TASK REQUIREMENTS = Strip out the pictures and output each remaining line of the data word for word.

PROVIDED INFORMATION =
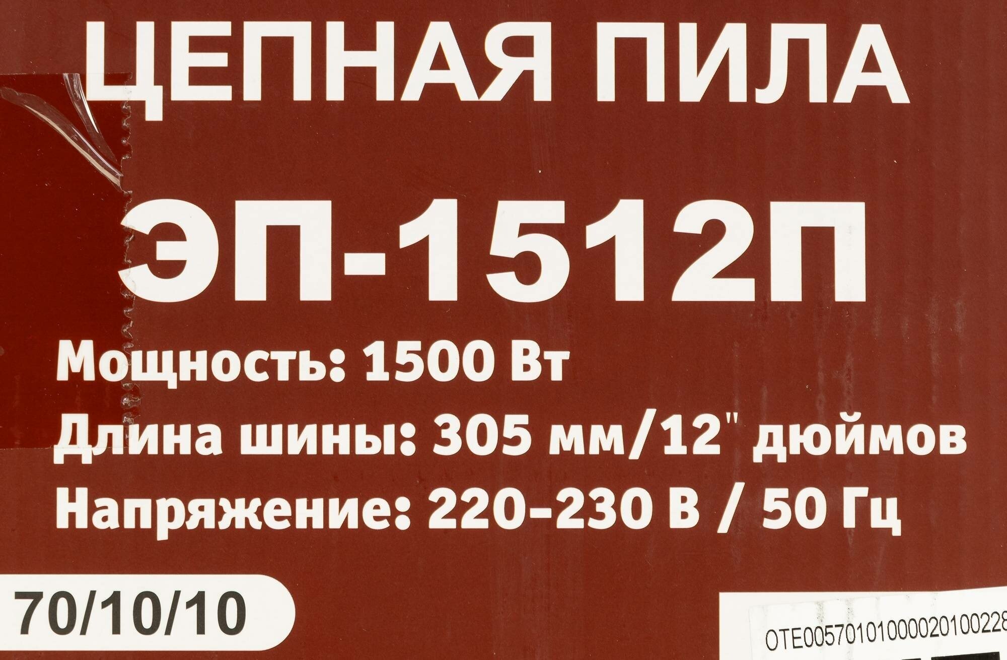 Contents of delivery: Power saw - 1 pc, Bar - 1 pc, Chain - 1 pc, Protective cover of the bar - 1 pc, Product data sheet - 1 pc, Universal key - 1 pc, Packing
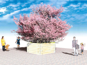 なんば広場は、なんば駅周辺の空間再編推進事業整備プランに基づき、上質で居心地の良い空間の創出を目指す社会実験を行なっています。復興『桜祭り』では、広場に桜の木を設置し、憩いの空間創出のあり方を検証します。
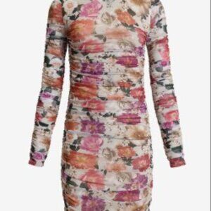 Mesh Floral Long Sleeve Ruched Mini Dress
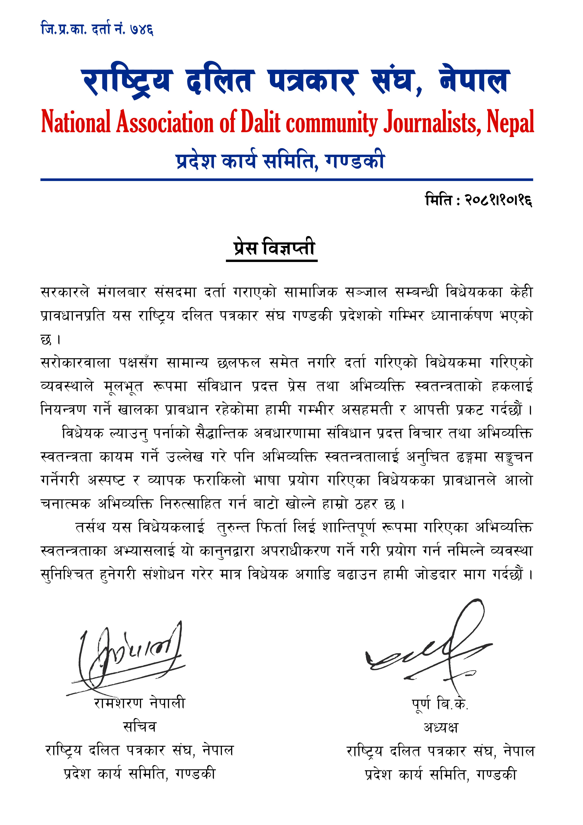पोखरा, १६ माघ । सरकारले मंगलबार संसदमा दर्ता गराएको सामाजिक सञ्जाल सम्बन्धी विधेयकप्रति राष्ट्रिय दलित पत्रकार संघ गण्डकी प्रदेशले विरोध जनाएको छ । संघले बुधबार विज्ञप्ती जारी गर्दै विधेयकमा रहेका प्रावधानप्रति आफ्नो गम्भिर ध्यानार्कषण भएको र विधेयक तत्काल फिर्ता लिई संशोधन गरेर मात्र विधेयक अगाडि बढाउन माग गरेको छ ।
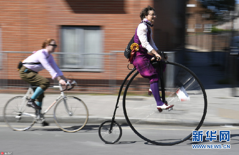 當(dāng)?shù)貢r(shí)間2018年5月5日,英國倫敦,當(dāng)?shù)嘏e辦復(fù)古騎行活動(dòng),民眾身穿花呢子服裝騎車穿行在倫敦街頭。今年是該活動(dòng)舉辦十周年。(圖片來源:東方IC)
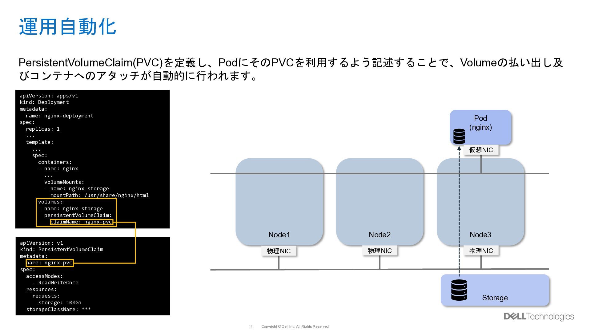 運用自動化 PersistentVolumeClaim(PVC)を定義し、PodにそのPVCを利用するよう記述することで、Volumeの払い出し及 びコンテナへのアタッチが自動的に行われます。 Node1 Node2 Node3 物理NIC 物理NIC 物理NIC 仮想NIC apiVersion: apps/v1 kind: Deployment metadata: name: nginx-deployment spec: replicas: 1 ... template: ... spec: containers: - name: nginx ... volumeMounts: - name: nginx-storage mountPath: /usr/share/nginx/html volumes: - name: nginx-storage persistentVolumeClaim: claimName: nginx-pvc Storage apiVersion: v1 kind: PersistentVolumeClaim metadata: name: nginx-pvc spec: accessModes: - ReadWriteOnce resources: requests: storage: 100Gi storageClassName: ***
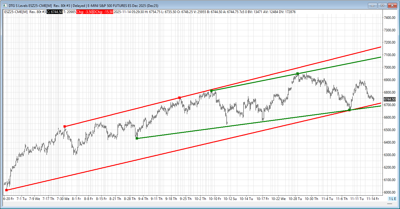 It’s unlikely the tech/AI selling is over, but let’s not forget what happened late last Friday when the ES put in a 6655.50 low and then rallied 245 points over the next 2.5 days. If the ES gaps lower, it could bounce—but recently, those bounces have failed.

ANSWER SECTION =
 Contents of delivery: Power saw - 1 pc, Bar - 1 pc, Chain - 1 pc, Protective cover of the bar - 1 pc, Product data sheet - 1 pc, Universal key - 1 pc, Packing
 なんば広場は、なんば駅周辺の空間再編推進事業整備プランに基づき、上質で居心地の良い空間の創出を目指す社会実験を行なっています。復興『桜祭り』では、広場に桜の木を設置し、憩いの空間創出のあり方を検証します。
 Mesh Floral Long Sleeve Ruched Mini Dress
पोखरा, १६ माघ । सरकारले मंगलबार संसदमा दर्ता गराएको सामाजिक सञ्जाल सम्बन्धी विधेयकप्रति राष्ट्रिय दलित पत्रकार संघ गण्डकी प्रदेशले विरोध जनाएको छ । संघले बुधबार विज्ञप्ती जारी गर्दै विधेयकमा रहेका प्रावधानप्रति आफ्नो गम्भिर ध्यानार्कषण भएको र विधेयक तत्काल फिर्ता लिई संशोधन गरेर मात्र विधेयक अगाडि बढाउन माग गरेको छ ।
 當(dāng)?shù)貢r(shí)間2018年5月5日,英國倫敦,當(dāng)?shù)嘏e辦復(fù)古騎行活動(dòng),民眾身穿花呢子服裝騎車穿行在倫敦街頭。今年是該活動(dòng)舉辦十周年。(圖片來源:東方IC)
 運用自動化 PersistentVolumeClaim(PVC)を定義し、PodにそのPVCを利用するよう記述することで、Volumeの払い出し及 びコンテナへのアタッチが自動的に行われます。 Node1 Node2 Node3 物理NIC 物理NIC 物理NIC 仮想NIC apiVersion: apps/v1 kind: Deployment metadata: name: nginx-deployment spec: replicas: 1 ... template: ... spec: containers: - name: nginx ... volumeMounts: - name: nginx-storage mountPath: /usr/share/nginx/html volumes: - name: nginx-storage persistentVolumeClaim: claimName: nginx-pvc Storage apiVersion: v1 kind: PersistentVolumeClaim metadata: name: nginx-pvc spec: accessModes: - ReadWriteOnce resources: requests: storage: 100Gi storageClassName: ***
 It’s unlikely the tech/AI selling is over, but let’s not forget what happened late last Friday when the ES put in a 6655.50 low and then rallied 245 points over the next 2.5 days. If the ES gaps lower, it could bounce—but recently, those bounces have failed.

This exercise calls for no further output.